## EXERCISE INSTRUCTIONS:
If a picture appears in the records, leave it out and transcribe the rest exactly.

(Saved data entries)
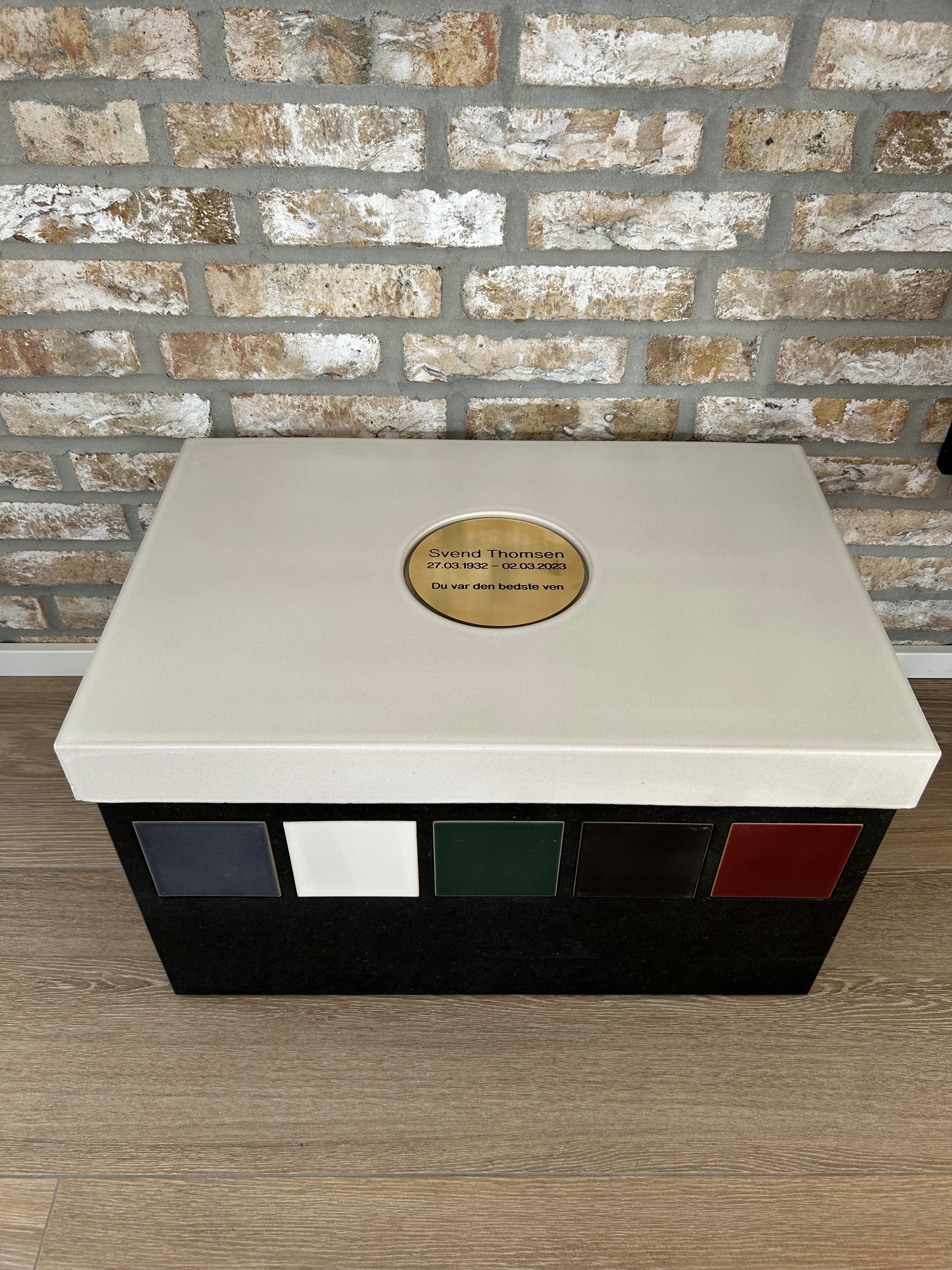 "Sea Urchin," Et design stærkt inspireret af naturen og dets organiske og rolige linjer. Som noget særligt for vores produkter er de udsmykket med en messingplade hvor navn, datoer etc. kan blive indgraveret uden at det skal gøres i stenen.
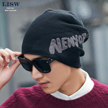 2015新款韩版双层加绒男士针织毛线帽贴布时尚套头帽冬季保暧
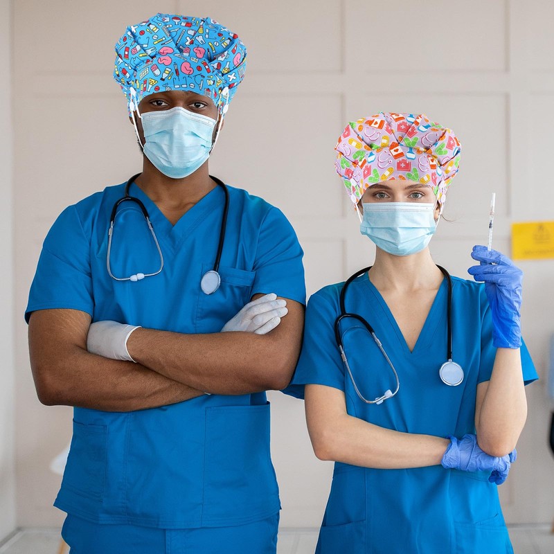 • Quality Material for Comfort and Durability: our bouffant caps with buttons are constructed from cotton; This assures not only durability but also ease of cleaning: an essential aspect for medical attire; The quality of the cotton material also facilitates breathability, ensuring utmost comfort during prolonged working hours
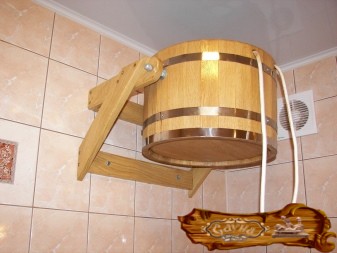 Самые простые в исполнении – обливные конструкции, они имеют небольшой объем и устанавливаются на стену. Когда требуется, человек просто подходит, дергает за веревку и обрушивает на себя поток воды.
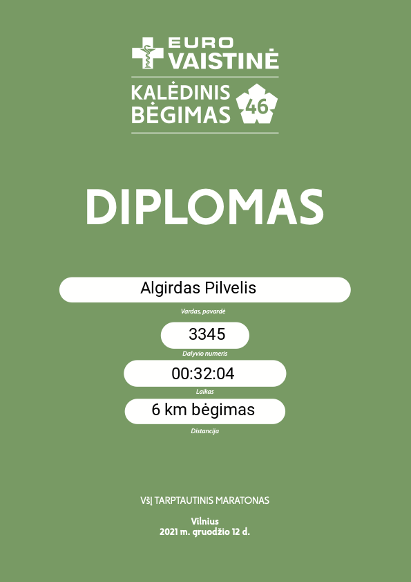 | 107 | Algirdas Pilvelis | Vilniaus miesto klinikinės ligoninės komanda | 3345 | Lithuania | 6 km bėgimas | 00:32:48 | Diplomas |
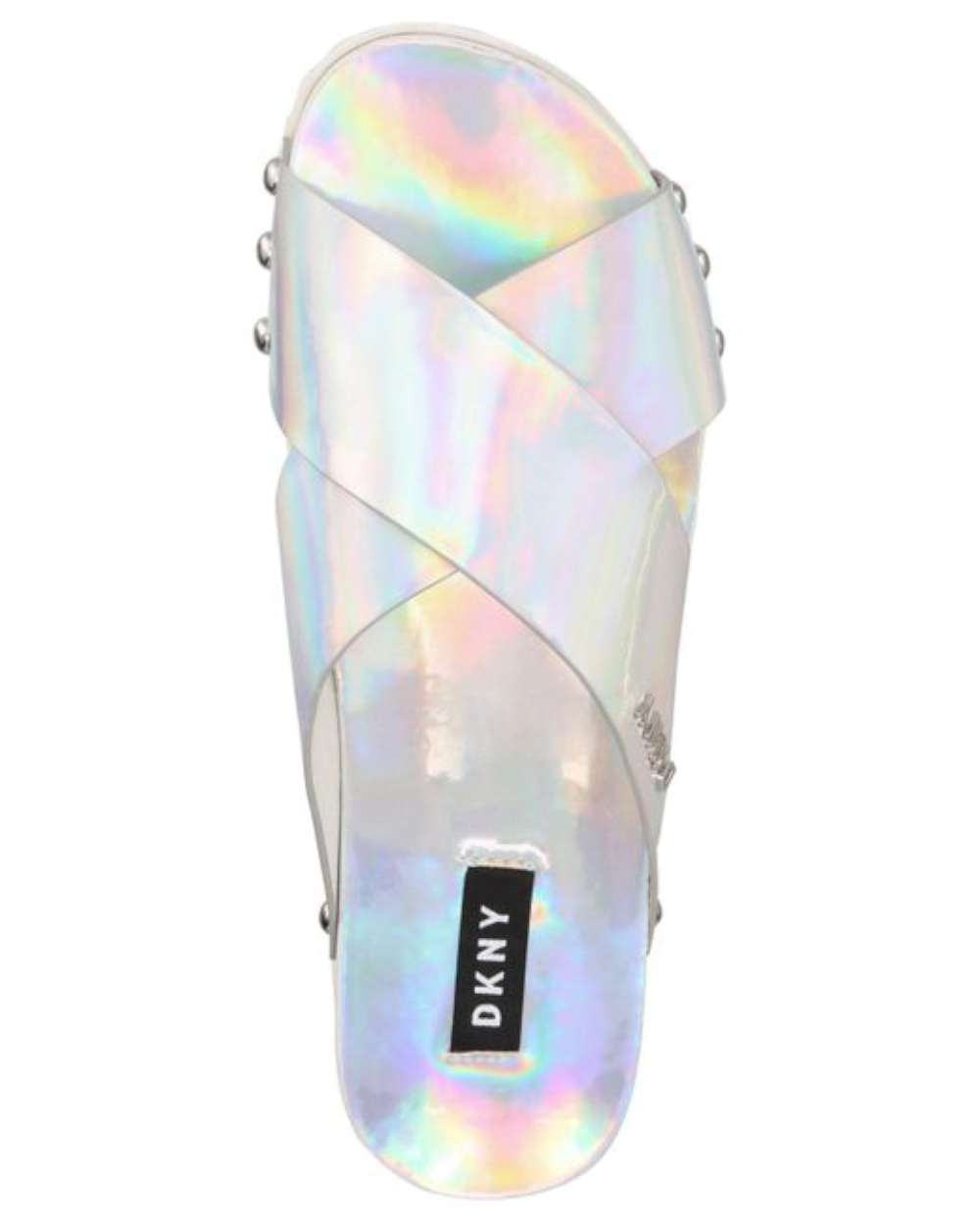 Ask a question about DKNY Women's Wave Open Toe Formal Slide Sandals Gray Size 8
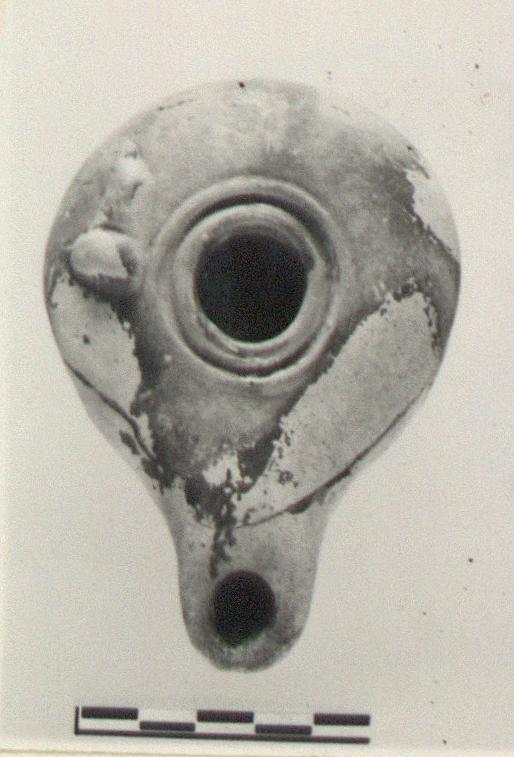 | Description: | Fragments of lower body missing. Lug on top at left; two ridges around filling hole; raised base, concave beneath. Greenish-black glaze, much worn. Type IX of Corinth collection, type 43A of Agora collection. | |
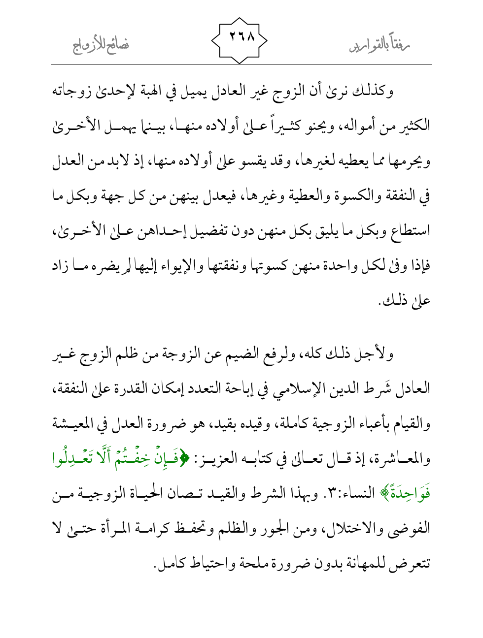 ولأجل ذلك كله، ولرفع الضيم عن الزوجة من ظلم الزوج غير العادل شَرط الدين الإسلامي في إباحة التعدد إمكان القدرة على النفقة، والقيام بأعباء الزوجية كاملة، وقيده بقيد، هو ضرورة العدل في المعيشة والمعاشرة، إذ قال تعالى في كتابه العزيز: {فَإِنْ خِفْتُمْ أَلَّا تَعْدِلُوا فَوَاحِدَةً} النساء:3. وبهذا الشرط والقيد تصان الحياة الزوجية من الفوضى والاختلال، ومن الجور والظلم وتحفظ كرامة المرأة حتى لا تتعرض للمهانة بدون ضرورة ملحة واحتياط كامل.

## ANSWER TO THIS TASK:
 "Sea Urchin," Et design stærkt inspireret af naturen og dets organiske og rolige linjer. Som noget særligt for vores produkter er de udsmykket med en messingplade hvor navn, datoer etc. kan blive indgraveret uden at det skal gøres i stenen.
 2015新款韩版双层加绒男士针织毛线帽贴布时尚套头帽冬季保暧
 • Quality Material for Comfort and Durability: our bouffant caps with buttons are constructed from cotton; This assures not only durability but also ease of cleaning: an essential aspect for medical attire; The quality of the cotton material also facilitates breathability, ensuring utmost comfort during prolonged working hours
 Самые простые в исполнении – обливные конструкции, они имеют небольшой объем и устанавливаются на стену. Когда требуется, человек просто подходит, дергает за веревку и обрушивает на себя поток воды.
 | 107 | Algirdas Pilvelis | Vilniaus miesto klinikinės ligoninės komanda | 3345 | Lithuania | 6 km bėgimas | 00:32:48 | Diplomas |
 Ask a question about DKNY Women's Wave Open Toe Formal Slide Sandals Gray Size 8
 | Description: | Fragments of lower body missing. Lug on top at left; two ridges around filling hole; raised base, concave beneath. Greenish-black glaze, much worn. Type IX of Corinth collection, type 43A of Agora collection. | |
 ولأجل ذلك كله، ولرفع الضيم عن الزوجة من ظلم الزوج غير العادل شَرط الدين الإسلامي في إباحة التعدد إمكان القدرة على النفقة، والقيام بأعباء الزوجية كاملة، وقيده بقيد، هو ضرورة العدل في المعيشة والمعاشرة، إذ قال تعالى في كتابه العزيز: {فَإِنْ خِفْتُمْ أَلَّا تَعْدِلُوا فَوَاحِدَةً} النساء:3. وبهذا الشرط والقيد تصان الحياة الزوجية من الفوضى والاختلال، ومن الجور والظلم وتحفظ كرامة المرأة حتى لا تتعرض للمهانة بدون ضرورة ملحة واحتياط كامل.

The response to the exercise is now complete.